Task statement> Exactly the lines below, starting with the one containing "岁月留痕——奉法求索回眸👈点击保存 💥作者:杨玉兰 💥出版社:云南人民出版社" and going on through the one containing "155 202-5 (Baujahr: 1983)", must be reproduced, both ends included, and no pictures with them.

Extracted information>

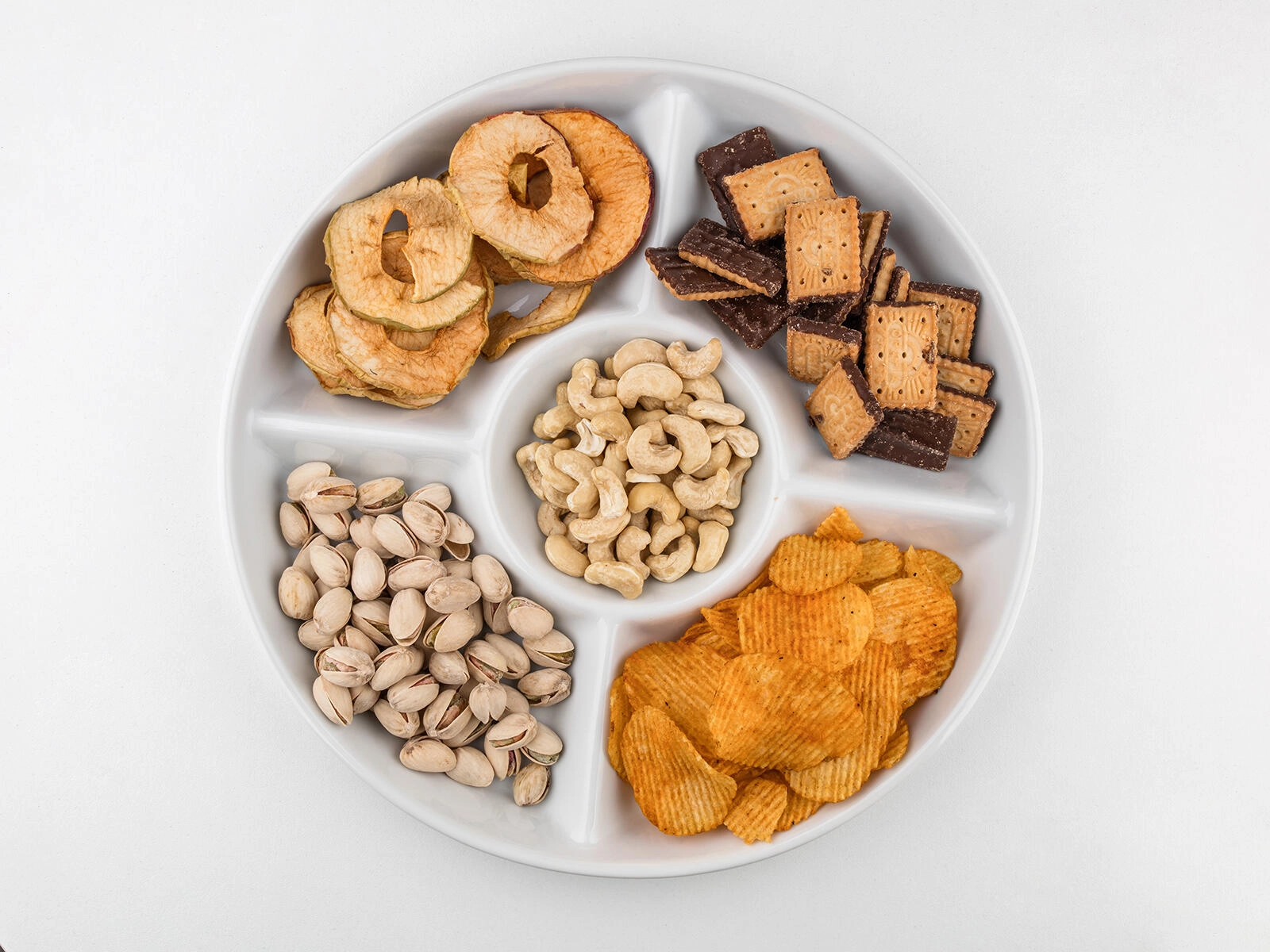 - Dip, nødder, chips, frugt, grøntsager, snacks
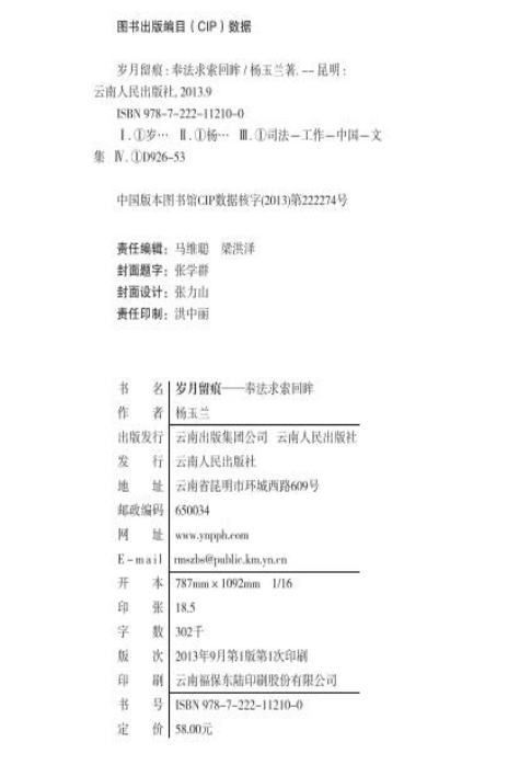岁月留痕——奉法求索回眸👈点击保存 💥作者:杨玉兰 💥出版社:云南人民出版社 💥相关介绍: 本书是杨玉兰女士关于中国司法工作的文集,以‘奉法求索’为主线,记录了作者在法治实践中所经历的点滴思考与真实感悟。文字朴实而深沉,既有对司法工作的回顾与总结,也折射出时代变迁下法律人坚守信念的精神轨迹。书中内容涵盖司法理念、实务经验与人生体悟,适合关注中国法治进程、司法制度与法律职业发展的读者。这不仅是一部个人回忆录,更是一段法治岁月的珍贵留痕。 学习资料|非商用|禁转载|侵权必删
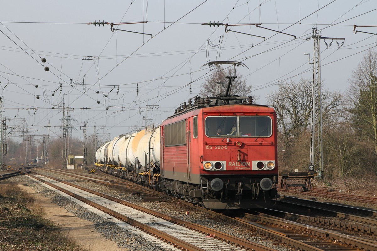 155 202-5 (Baujahr: 1983) mit einem Güterzug von Emden auf Bahnhof Salzbergen am 14-3-2014.
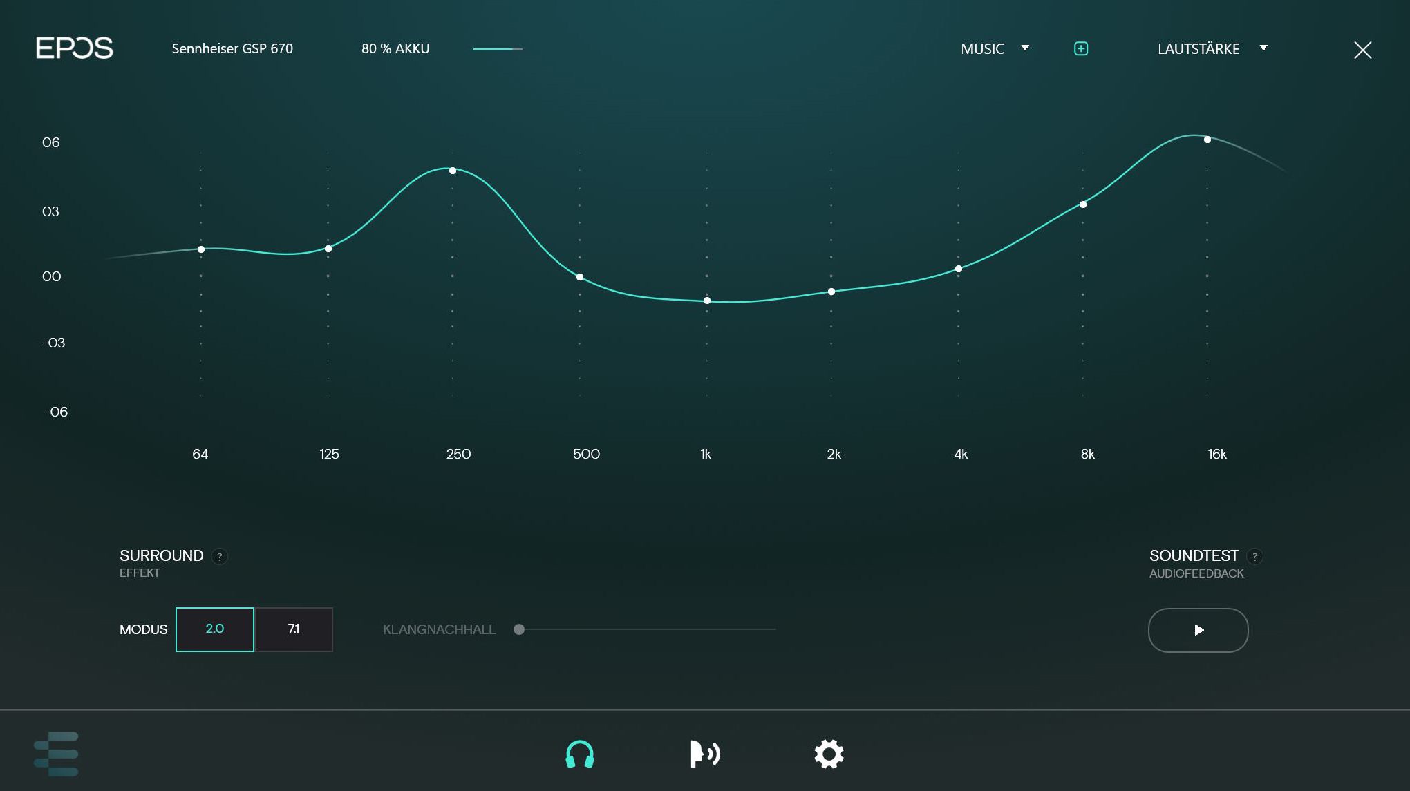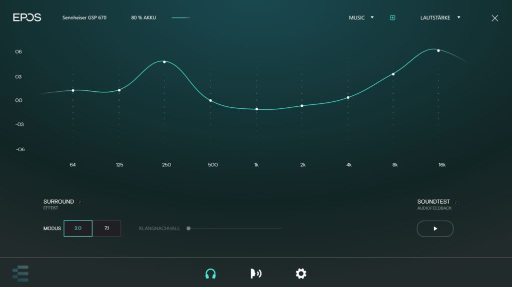 Beim ersten Öffnen eine positive Überraschung – die EPOS Gaming Suite wirkt unheimlich aufgeräumt, hat für meinen Geschmack ein schönes Design und bietet alles, was man braucht, ohne mit Funktionen überladen zu sein. Aufgeteilt ist das Ganze in drei Reitern, wovon sich zwei mit dem Sound des Kopfhörers und Mikrofons beschäftigen. Im ersten Reiter „Wiedergabe“ fällt direkt der große Equalizer ins Auge. Vier Profile legt EPOS vor: „Music“, „Esport“, „Movie“ und „Flat“. Letzteres bringt alle EQ-Bänder wieder auf 0 zurück. Neun Bänder stehen uns zum Eingriff zur Verfügung, die wir je um 6 dB erhöhen oder absenken können. Die drei Herstellervorgaben greifen dabei schon sehr stark in die Kurve ein und scheuen auch nicht davor zurück, eine oder mehrere Frequenzen um volle 6 dB zu pushen. Um die verschiedenen Möglichkeiten zu hören, ein guter Start, aber dann sollte man sich vielleicht doch wieder ins Profil „Flat“ begeben und selber an den Frequenzen schrauben. Ist man zufrieden, reicht ein Klick auf das „+“, um das eigene Profil zu speichern.
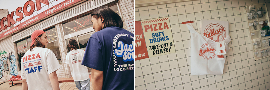 주력 제품인 그래픽 티셔츠는 잭슨피자의 다양한 그래픽과 재치있는 문구들을 활용해 눈길을 끈다. 피자 점원을 연상시키는 그래픽부터 먹음직스러운 피자조각이 담긴 제품까지 화이트, 옐로우, 네이비 등 5가지 색상으로 선보인다. 모자, 가방, 양말 등 티셔츠와 함께 코디하면 여름철 포인트 룩을 완성시킬 수 있는 다양한 액세서리 제품도 함께 출시된다. 특히 잭슨피자의 비닐 쇼핑백을 연상시키는 쇼퍼백은 펀슈머들의 구매욕을 자극하는 재치있는 디자인으로 조기 품절이 예상된다.
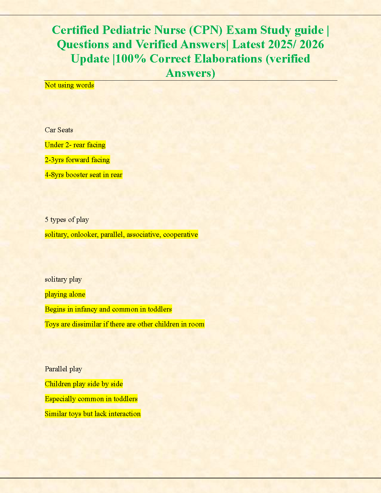 CPN Test Bank 2025/2026: Comprehensive Study Guide with Certified Pediatric Nurse Exam Questions and Verified Answers
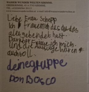 Wir freuen uns auch über Post, die wir von den Kindern/Jugendlichen im Sommer erhalten.
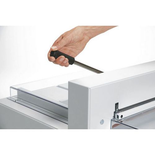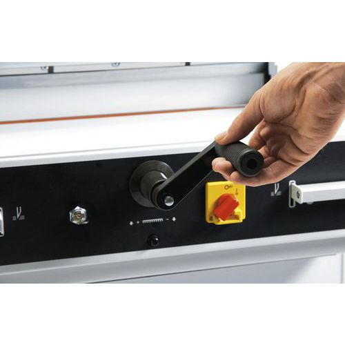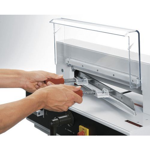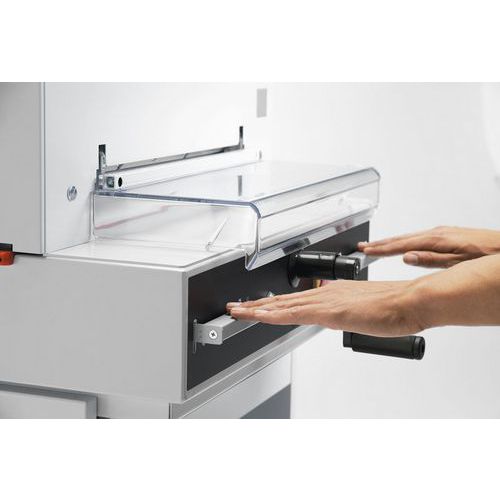 - Massicot électrique avec longueur de coupe de 430 mm.
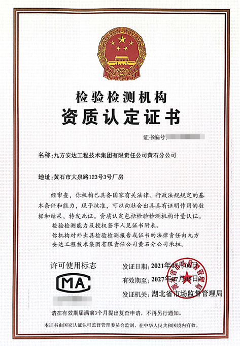 2021年7月6日,九方安達(dá)工程技術(shù)集團(tuán)有限責(zé)任公司黃石分公司(下稱黃石分公司)獲得湖北省市場(chǎng)監(jiān)督管理局頒發(fā)的檢驗(yàn)檢測(cè)機(jī)構(gòu)資質(zhì)認(rèn)定證書。
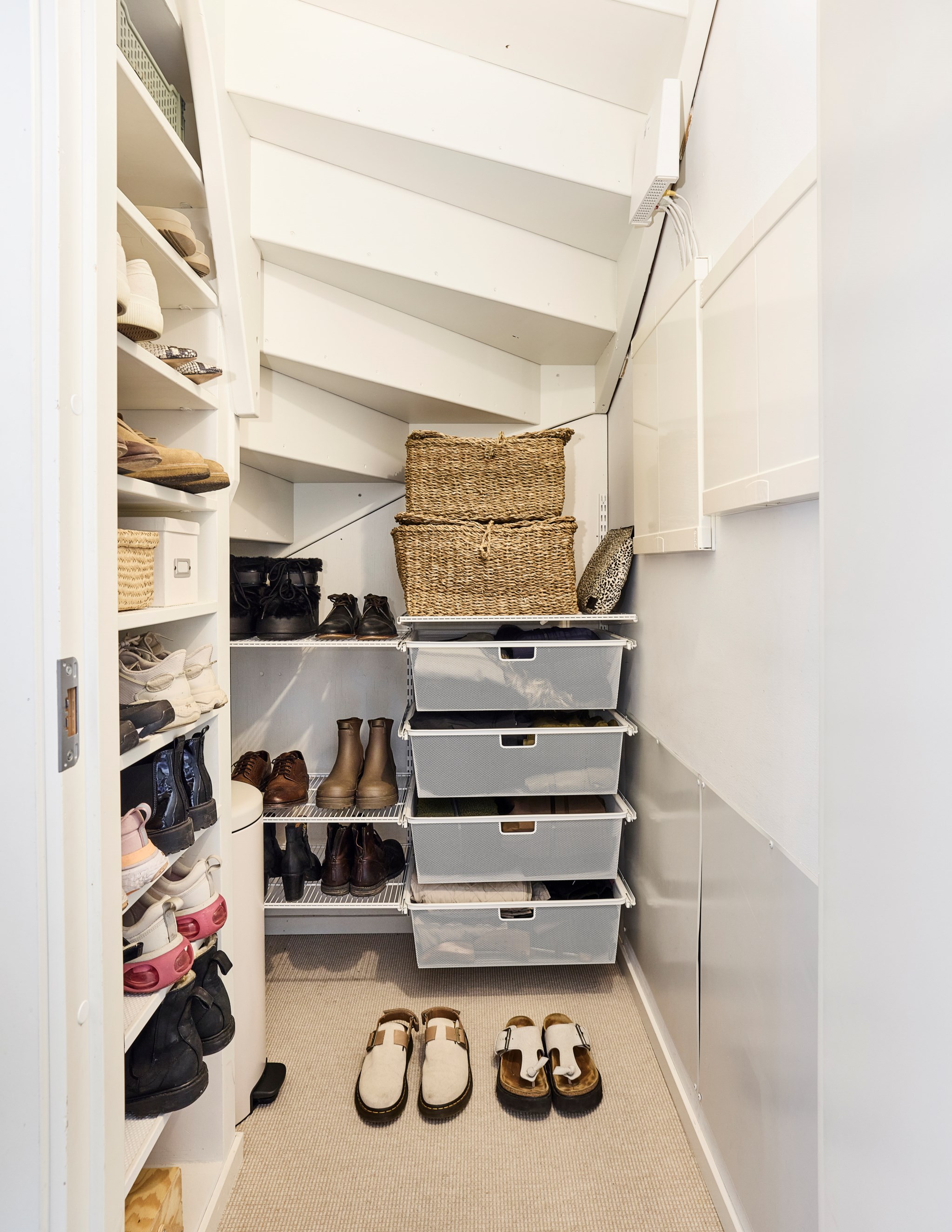 Bara att lasta och stuva in tills dörren bågnar, men sen får det nog bli några lass till Erikshjälpen. Att hålla pedantisk ordning som i de glassiga inredningstidningarna är kanske utopiskt, men man kan ju göra ett försök så länge det bara finns ett barn. Tänk på att du har ett rymligt varmförråd bakom carporten också, där du kan ha lite grövre prylar som du inte behöver varje dag.

Task result>
岁月留痕——奉法求索回眸👈点击保存 💥作者:杨玉兰 💥出版社:云南人民出版社 💥相关介绍: 本书是杨玉兰女士关于中国司法工作的文集,以‘奉法求索’为主线,记录了作者在法治实践中所经历的点滴思考与真实感悟。文字朴实而深沉,既有对司法工作的回顾与总结,也折射出时代变迁下法律人坚守信念的精神轨迹。书中内容涵盖司法理念、实务经验与人生体悟,适合关注中国法治进程、司法制度与法律职业发展的读者。这不仅是一部个人回忆录,更是一段法治岁月的珍贵留痕。 学习资料|非商用|禁转载|侵权必删
 155 202-5 (Baujahr: 1983) mit einem Güterzug von Emden auf Bahnhof Salzbergen am 14-3-2014.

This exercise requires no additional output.